Home. Finally. Those were the two words that kept echoing inside his head. He’d traveled to the four corners of the earth trying to find his place on it. When he’d kept going, and going . . . and going, he’d told himself his place was on all of it. But he’d known, had always known, his place was right here, in front of her. Wherever that happened to be.

He lifted his mouth from hers, slid his hands to her shoulders, and pulled her gently into his arms. He wanted more. So much more. He wanted it all. All of her. Her body, yes, but so much more than that. He wanted her sharp mind, her bold laughter, her teasing gibes and clever remarks, her insights and advice. Her love.

He rested his cheek on top of her head. “I should probably make an apology for that. But not a single part of me is sorry.”

His knees might have buckled just a bit with relief when she slipped her arms around his waist and stayed in the circle of his arms. She rested her forehead on his chest, gaze cast downward. “I’m not asking for one,” she said quietly.

He lifted his head and nudged her until she looked up and met his gaze. “Hi,” he said, his smile meant to charm her. He didn’t do a single thing to try to hide what he was feeling. “I’m Wyatt Reed. You remind me of a girl I used to know.”

Relief again when she responded in kind. “Funny. I knew a guy with that same name.” Her lips twitched. “You’re nothing like him, though.”

His brows rose. “Oh?”

She shook her head, her smile bemused, her eyes lighting up with that mischievous glint he knew so well. “He would never have done what you just did.”

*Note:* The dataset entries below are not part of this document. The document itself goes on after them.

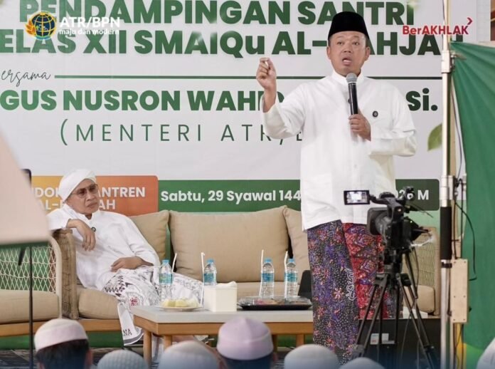 Cirebon – Menteri Agraria dan Tata Ruang/Kepala Badan Pertanahan Nasional (ATR/BPN), Nusron Wahid, memotivasi santri di Pondok Pesantren Al-Bahjah untuk mengambil peran dalam pembangunan bangsa, khususnya melalui penguasaan ilmu pengetahuan dan teknologi.
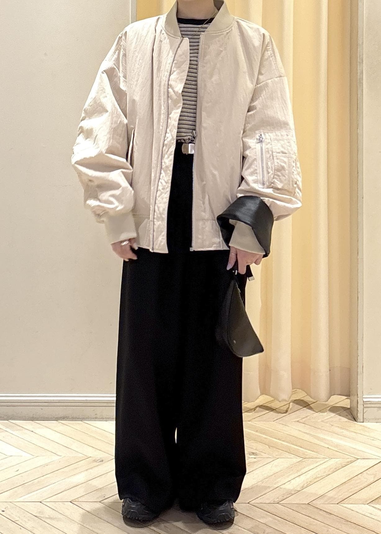 私はカジュアルなスタイリングが好きなので、ボーダーにスニーカー、ガチャベルトのスラックス合わせでボーイッシュにスタイリングしてみました!
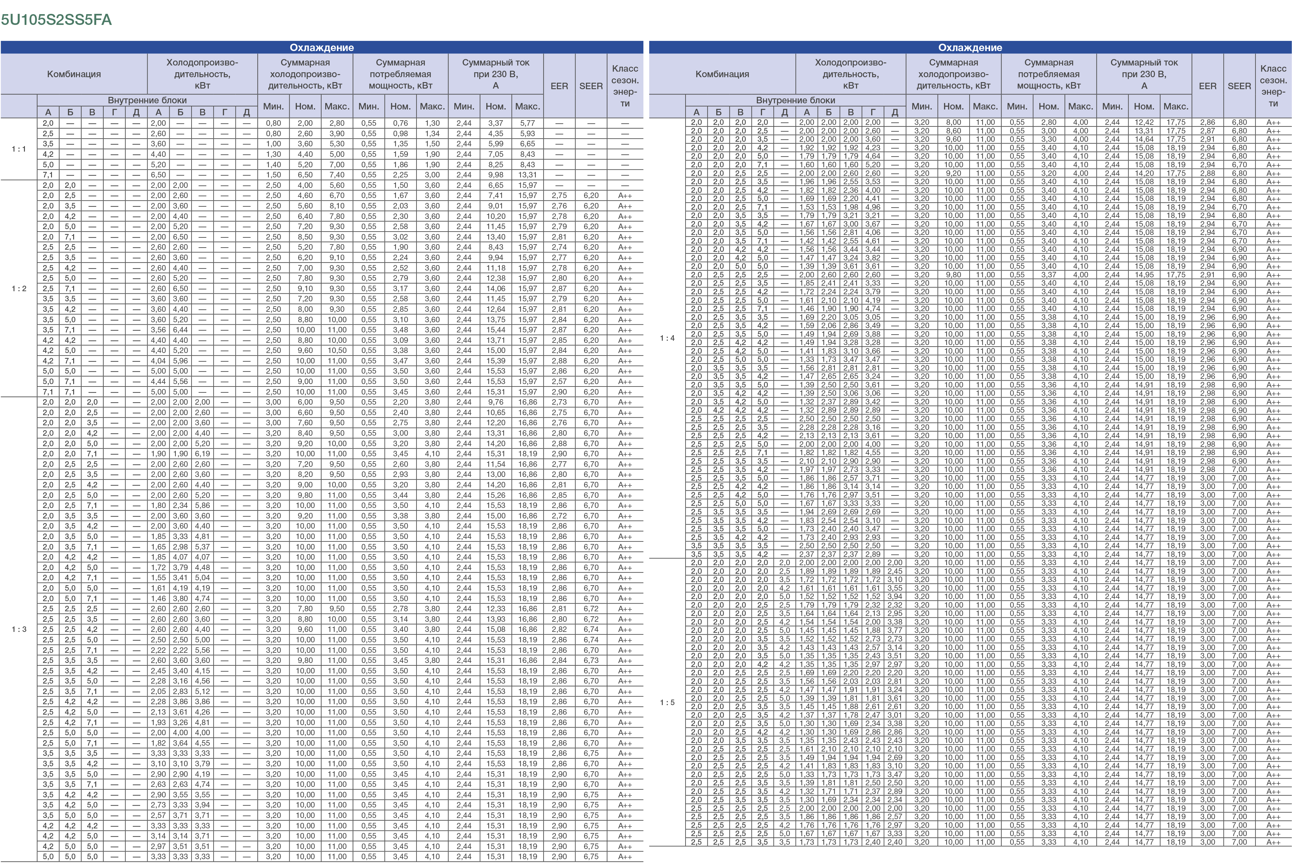 Рассчитан на подключение 5 внутренних блоков. Подобрать внутренние блоки для данной модели можно здесь.

“Too scared?” Wyatt asked.

She shook her head again. “Too stupid.”

He winced even as he chuckled. “Then he for sure didn’t deserve you.”

“That’s what I thought.”

“Good thing I’m nothing like him, then.”

Her smile slid from mischievous to downright devilish. Then she shocked the hell out of him by sliding her hand to the back of his neck and nudging his mouth down to hers. “That’s what I was thinking.” And this time, she took him.

Colossal mistake? Or the best thing you’ve ever done?

Yeah, he had no idea, but he was too busy letting her kiss the socks off him to care.

She broke the kiss that time, her eyes still twinkling as she beamed up at him. “Definitely nothing like him.”

“I almost feel sorry for the poor guy.”

“Don’t be,” she said. “He turned out all right.”

He ducked his head, feeling flattered and chastened, all at the same time. “Chey—”

“Don’t,” she said, quickly but not harshly. “I don’t want to—” She broke off, shook her head, then said, “Let’s just let this be . . . whatever it was, okay?”